October 13, 2015

Percent of Income You Should Save If You Start Saving For Retirement At Various Ages

The general rule of thumb I've seen quoted for how much you should save for retirement is usually around 10% or 15% depending on who you ask.   This kind of rule of thumb is based on some assumptions and one of those assumptions is how long you save.    I would expect that the number of years its assumed you work and save into retirement is probably around 30-40 years based on someone working most all of their adult life.   In other words the rule of thumb takes it for granted that you start working at some age like 25 years old and you save the 10-15% your entire working life until you retire around 65.    So it assumes you work 40 years and save 10-15% that whole time and then benefit from the growth of your retirement account over that same 40 year period.   Now this is fine for figuring general retirement plans.    But hey, we all know that a lot of people don't start saving the first day they start working.   Some people end up changing careers, etc and may have to play catch up with retirement savings at a later date.

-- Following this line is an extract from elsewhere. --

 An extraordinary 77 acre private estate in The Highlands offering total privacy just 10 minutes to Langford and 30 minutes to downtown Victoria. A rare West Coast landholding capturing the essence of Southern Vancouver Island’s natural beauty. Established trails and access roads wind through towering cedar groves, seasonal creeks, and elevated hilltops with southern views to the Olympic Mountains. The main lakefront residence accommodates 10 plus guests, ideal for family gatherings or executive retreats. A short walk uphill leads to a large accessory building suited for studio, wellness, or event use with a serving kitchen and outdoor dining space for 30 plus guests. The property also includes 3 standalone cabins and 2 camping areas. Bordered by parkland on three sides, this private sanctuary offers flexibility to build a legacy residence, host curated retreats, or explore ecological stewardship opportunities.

If you start saving at varying ages then how much of your income should you save towards retirement?

He is the short answer :

age target %
22 10%
25 12%
30 15%
35 19%
40 24%
45 29%
50 37%
55 46%


So simply put if you start saving from $0 on the age in the left column then you ought to try and save the % of your income in the right column.    A 22 year old could target retirement savings of 10% but a 50 year old ought to save 37%.

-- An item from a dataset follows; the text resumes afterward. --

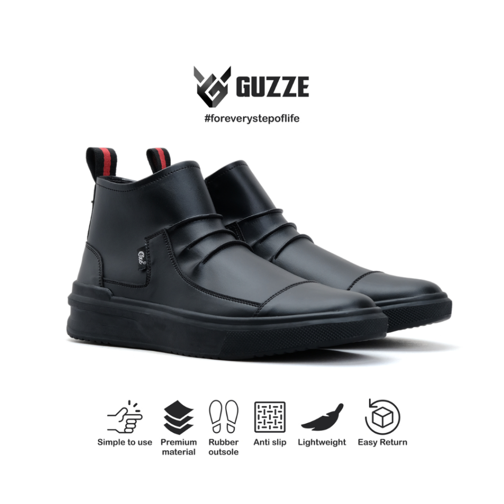 Sepatu Boots Pria Guzze Hero Black Casual Sintetis

I figured the table above based on the following assumptions.   a) your income will increase 3% a year, b) your investments will grow at 8% annually, c) you'll use the 4% withdrawal rate at retirement, d) you'll receive social security payments enough to replace 20% of your working income, e) you won't need to replace ~7% of your working income due to lack of social security/medicare taxes during retirement, f) you also wont' need to replace the % of income towards retirement savings

So working through an example.   Say you start your retirement savings at age 35.   If you save 19% of your income then that will grow over 30 years to be enough to replace about 53% of your working income.   Your working income less 7% for SS/medicare, less the 19% savings gives you about 74% of your income to live off during the working years.  If your social security replaces 20% of your working income then replacing 53% of your working income with your retirement savings will give you the same money post retirement that you lived off during working years.